Install using npm or yarn:

npm i rc9
# or
yarn add rc9

Import into your Node.js project:

// CommonJS
const { read, write, update } = require('rc9')

// ESM
import { read, write, update } from 'rc9'

Usage

.conf:

db.username=db username
db.password=db pass
db.enabled=true

Update config:

update({ 'db.enabled': true }) // or update(..., { name: '.conf' })

Push to an array:

update({ 'modules[]': 'test' })

Read/Write config:

const config = read() // or read('.conf')

// config = {
//   db: {
//     username: 'db username',
//     password: 'db pass',
//     enabled: true
//   }
// }

config.enabled = false
write(config) // or write(config, '.conf')

User Config:

It is common to keep config in user home directory (MacOS: /Users/{name}, Linux: /home/{name}, Windows: C:\users\{name})

you can use readUser/writeuser/updateUser shortcuts to quickly do this:

writeUser({ token: 123 }, '.zoorc') // Will be saved in {home}/.zoorc

const conf = readUser('.zoorc') // { token: 123 }

Unflatten

RC uses flat to automatically flat/unflat when writing and reading rcfile.

It means that you can use . for keys to define objects.

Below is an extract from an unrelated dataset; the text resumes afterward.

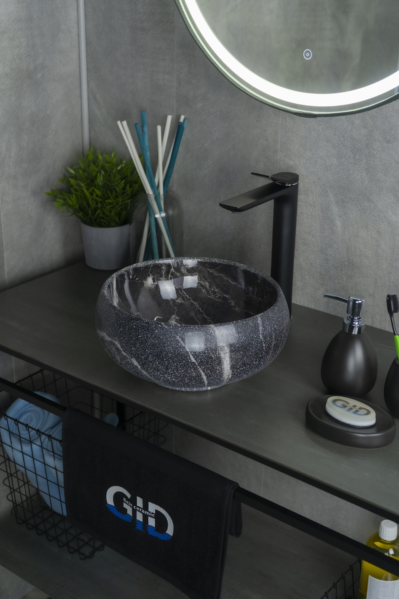 Раковина Gid Mnc480 54432 накладная под камень глянцевая 32x32x15.5
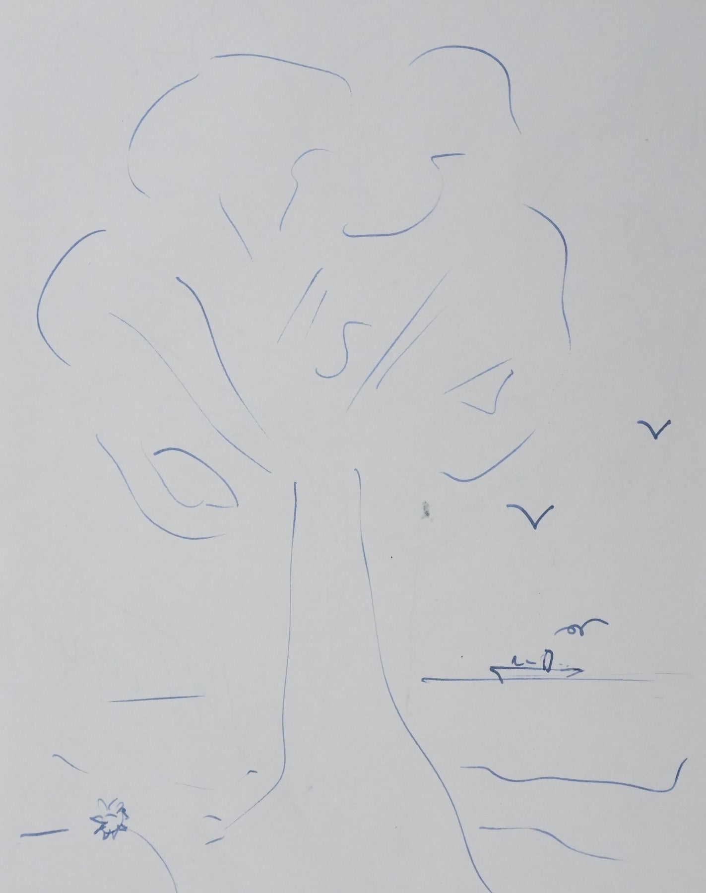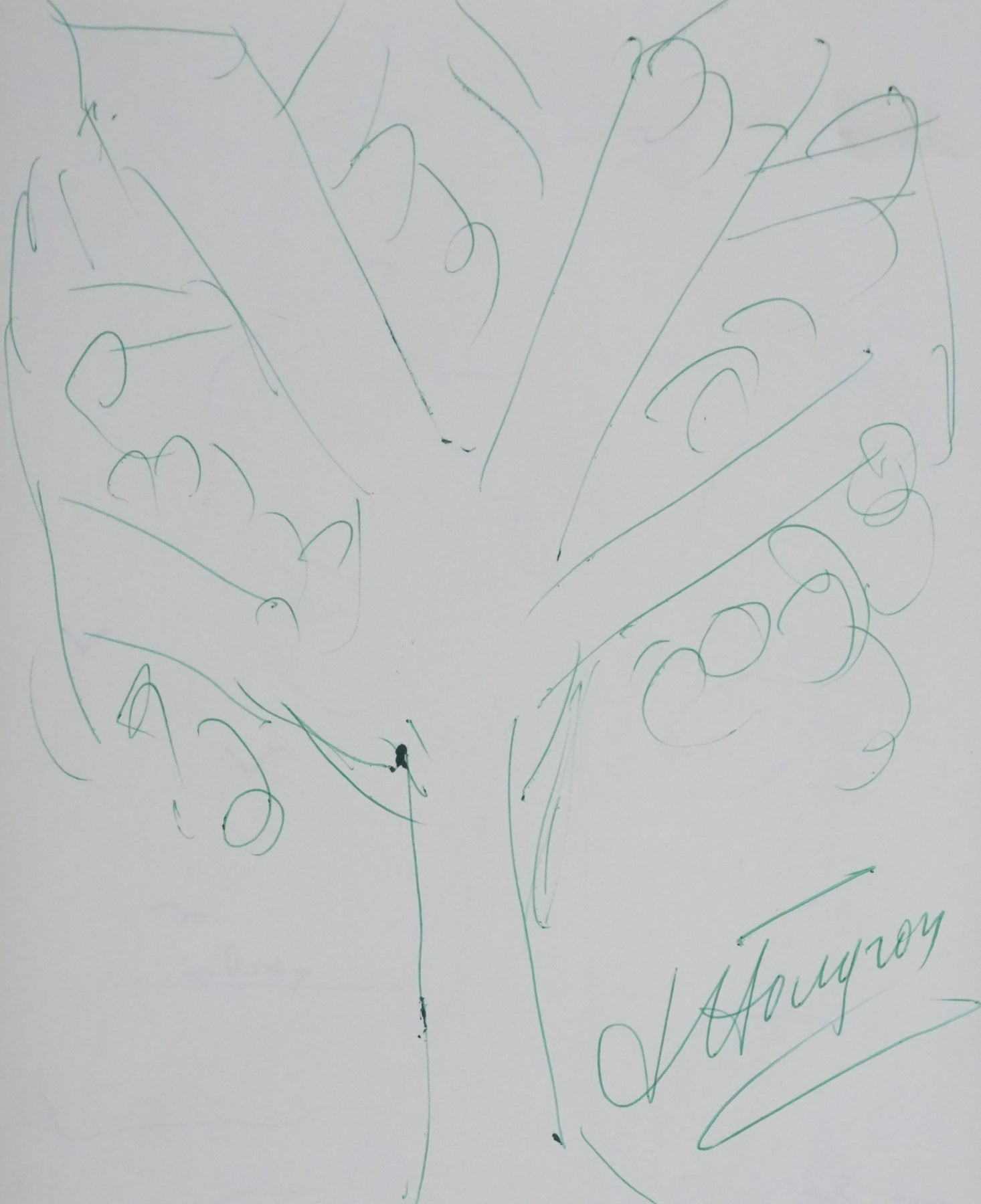 PROVENANCE : Ce dessin provient de la collection personnelle de Pierre Lhoste. Journaliste de radio, Pierre Lhoste (1913-1984) demanda aux personnalités qu’il recevait de réaliser un autographe accompagné d'un dessin d’arbre, constituant ainsi un témoignage unique de ses entretiens.

Some examples:

  • hello.world = true <=> { hello: { world: true }
  • test.0 = A <=> tags: [ 'A' ]

Note: If you use keys that can override like x= and x.y=, you can disable this feature by passing flat: true option.

Tip: You can use keys ending with [] to push to an array like test[]=A

Native Values

RC uses destr to convert values into native javascript values.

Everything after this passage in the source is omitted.